AMD RDNA 5/UDNA GPUs Rumored to Span 96, 40, 24, and 12 CU Die Options

AMD’s next graphics architecture is starting to take shape, and if the latest rumor mill is on point, RDNA 5—also referred to as UDNA—could span four distinct dies with the flagship topping out at 96 compute units. The details come from new block diagrams shared by Kepler_L2 on enthusiast forums, adding more color to earlier speculation and reinforcing the idea that AMD is building a highly modular family this time around.

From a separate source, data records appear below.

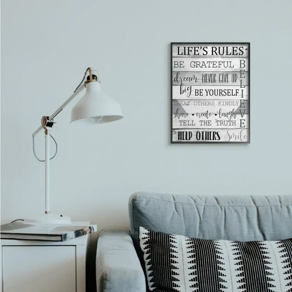 Life's Rules Phrases On Wood Grain Black White Word Design,1pc, Each 16 X 20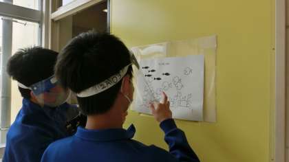 目で見た情報を、班員のみんなに分かるように言葉で伝える。伝えてもらう。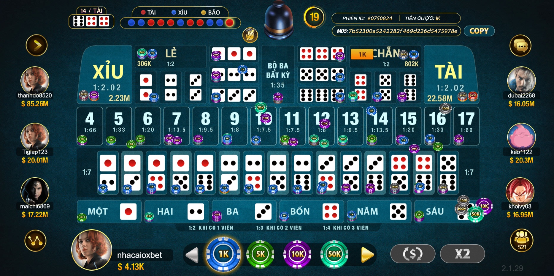 Cách chơi của Tài Xỉu Sảnh Rồng cũng giống như các game Tài Xỉu thông thường nhưng tại nhà cái Oxbet thì bạn sẽ có nhiều lựa chọn hơn. Nếu như các nhà cái khác chỉ có 2 lựa chọn là Tài hoặc Xỉu thì ở đây bạn có thể chọn rất nhiều những mức cược thú vị khác để gia tăng tiền thưởng.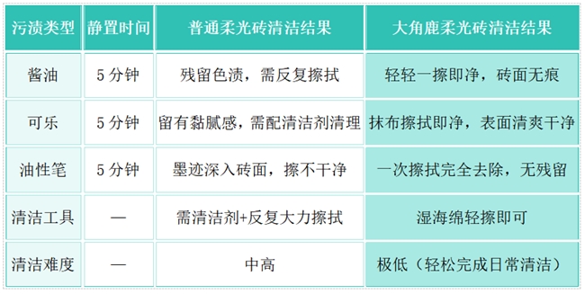 酱油测试:笔者将酱油倒在大角鹿超抗污柔光砖表面,静置5分钟后,用普通抹布轻轻一擦,污渍完全去除,砖面洁净如初;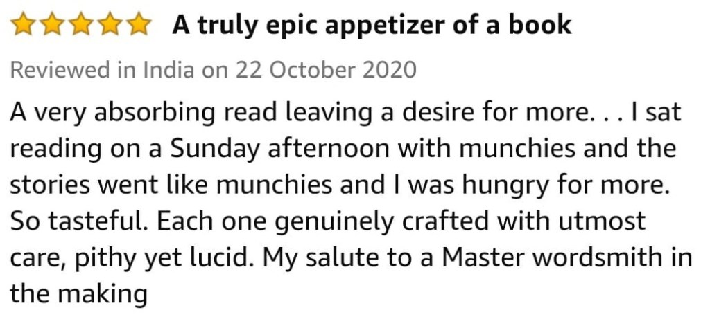 The book has been received very well by the readers as can be seen by the amazing reviews it has received. I hope you like the stories as well. There is something for everyone in the collection.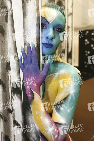 Bodypainting und Fotoshooting mit Model Sarah am Tag der offenen Tür der Meisterschule Justus-von-Liebig-Schule, Abteilung Floristik in Hannover-Ahlem. Künstler: Jörg Düsterwald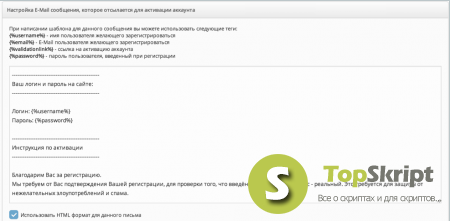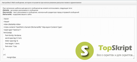 8. В админпанели, в разделе настроек шаблонов для E-mail сообщений, добавлен новый шаблон для писем, отправляемых при использовании массовой рассылки писем через панель управления скриптом. В данном шаблоне вы задаете необходимое вам HTML оформление писем, тем самым можете сделать персонализированное оформление писем для вашего сайта.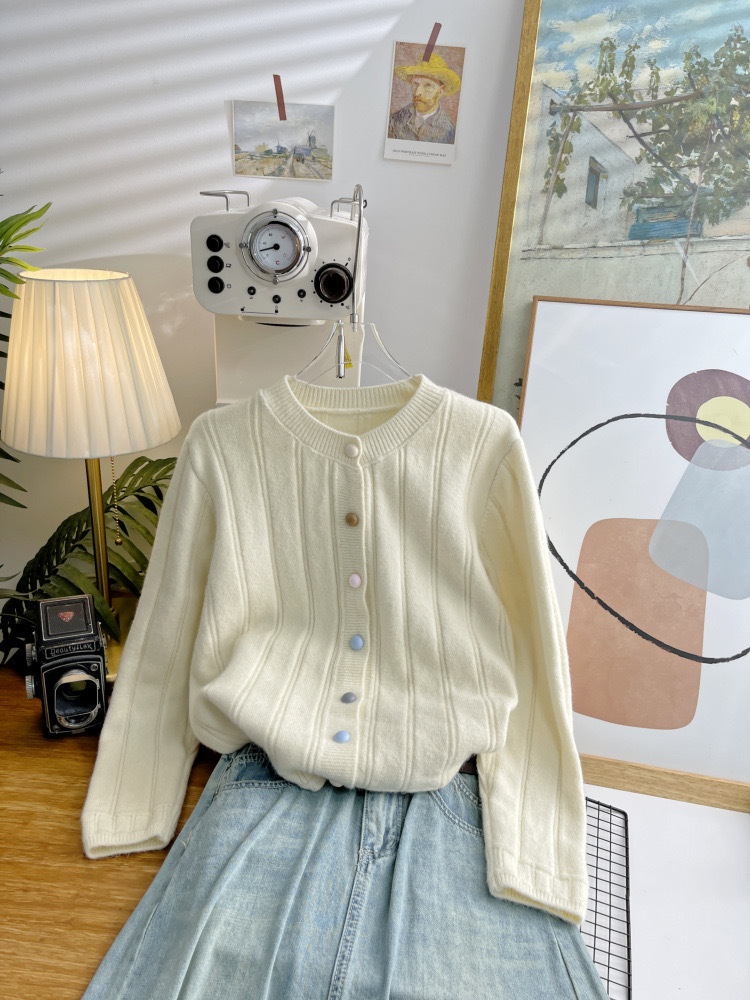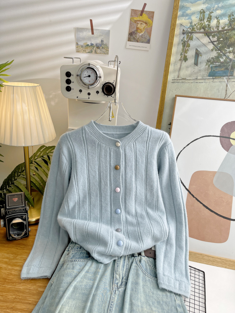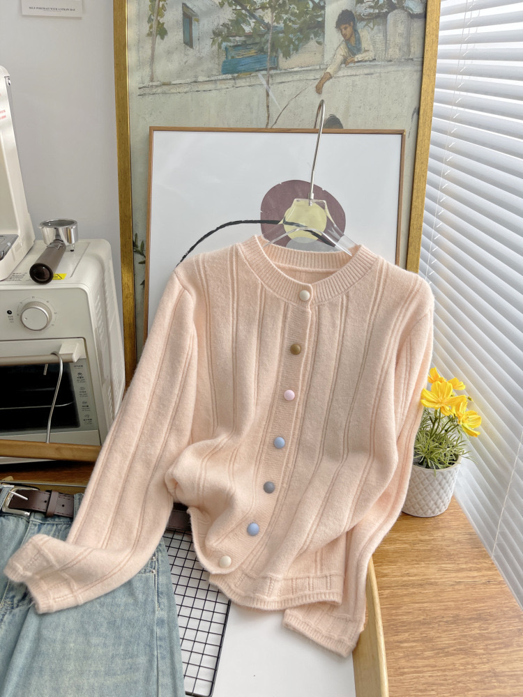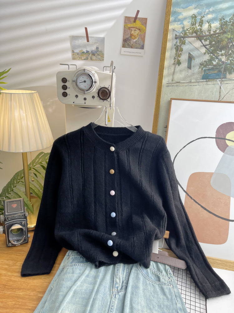 Limei Zi 짧은 핏 스웨터 재킷 한국 국경 간 니트 가디건 여성 가을, 겨울 새로운 멀티 컬러 버튼 루즈스토어 가기
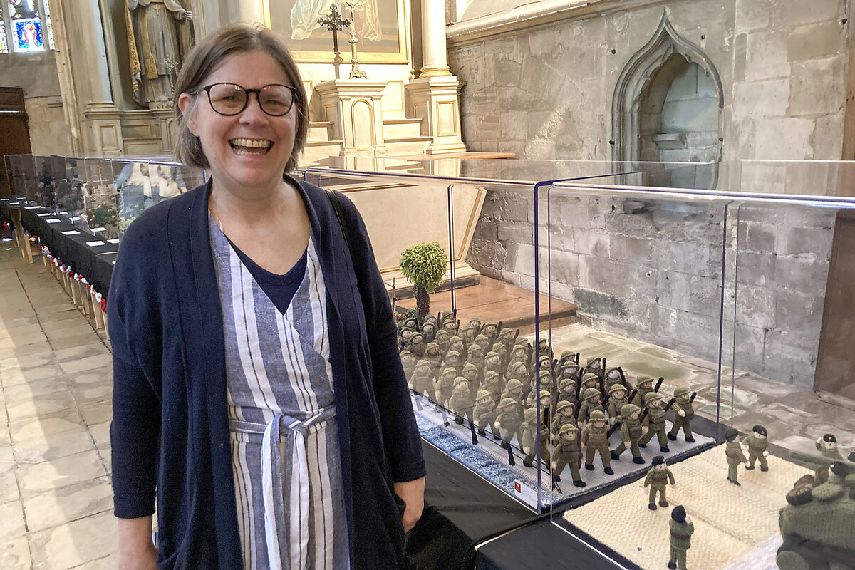 Historical accuracy has been a significant part of the project, says Ms. Forster, who got help from a historian to verify military uniforms, colors, and insignia. But volunteer knitters did much of the research themselves.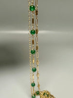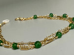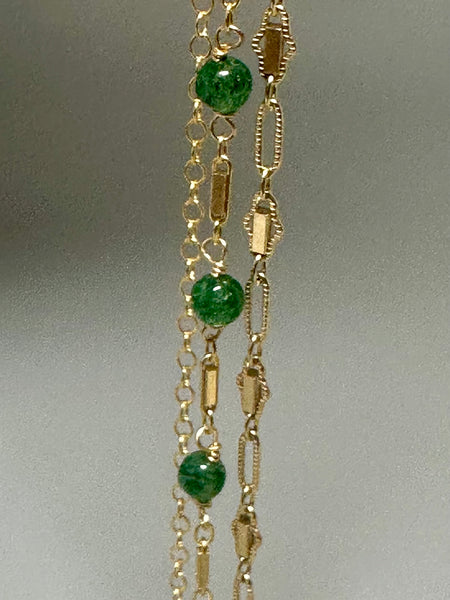 Designed with ten round 3.5mm jade toned aventurine stones; each stone is hand wired and wrapped in 14k gold-filled and attached to on a fancy link chain; complimented with a filigree link and open link bracelet; completed with spring ring clasp, heart closure and signature mother of pearl star.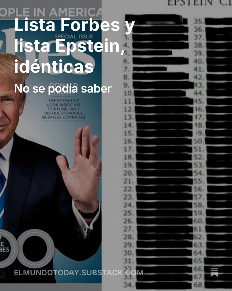 Nuestro boletín gratuito de los domingos ya está aquí. Apúntate para que llegue a tu correo. https://elmundotoday.substack.com/p/lista-forbes-y-lista-epstein-identicas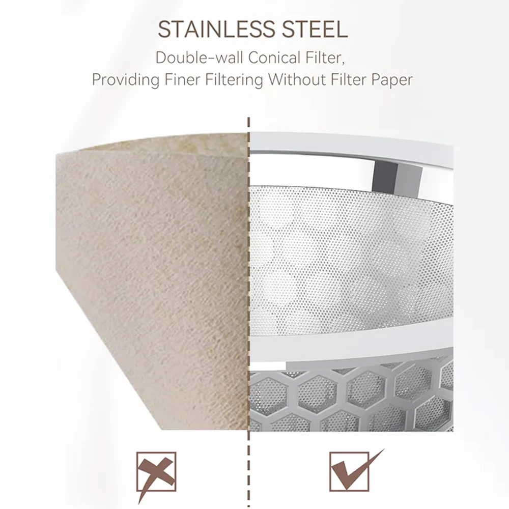 Using a stainless steel double conical filter, HiBREW H12 can provide you with a finer filter effect, allowing you to enjoy purer and more delicious coffee.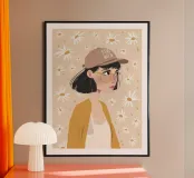 Ritratto dai colori tenui di una ragazza pensierosa con occhiali e berretto, circondata da fiori simili a margherite.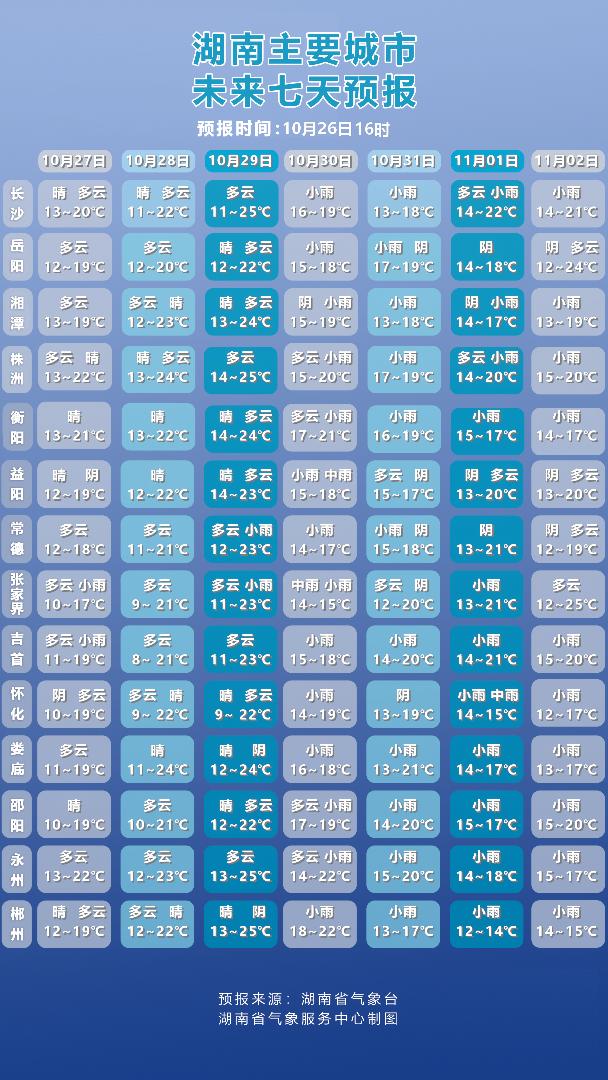 湖南最新天气预报

At the high end, the rumored top die is arranged into 8 Shader Arrays, each split into two Shader Engines, for a total of 16 Shader Engines. With 6 CUs per Shader Engine, that configuration lands at 96 CUs. Each Shader Engine is paired with its own Render Backend, all wired into a central SoC complex housing the Graphics Command Processor, Graphics Engine, hardware schedulers, and L2 cache. Memory is said to be handled by 16 controllers at 32 bits each, enabling up to a 512-bit bus. If AMD keeps its current Infinity Cache strategy, expect up to 128 MB on this die.

A step down, a 40 CU part is outlined with 4 Shader Arrays and 8 Shader Engines, again at 6 CUs per engine. This design reportedly carries six memory controllers for a 192-bit interface and as much as 48 MB of Infinity Cache. The diagrams hint that RDNA 5’s modular SoC approach—teased publicly at Hot Chips—will allow AMD to scale features cleanly across multiple SKUs off a common blueprint.

Entry-oriented chips are said to scale between 24 CUs and 12 CUs. The 24 CU die uses four Shader Engines/Arrays with 6 CUs each and eight memory controllers. Depending on controller width, that could translate to either a 128-bit or 256-bit bus, though a 256-bit pipe on this tier seems unlikely if the 40 CU model tops out at 192-bit. The smallest die features two Shader Engines/Arrays with 6 CUs total per side, adding up to 12 CUs. It’s paired with four memory controllers, which could yield either a 64-bit or 128-bit bus. On-cache sizing, the smaller chips are rumored to include around 32 MB and 16 MB of Infinity Cache, respectively.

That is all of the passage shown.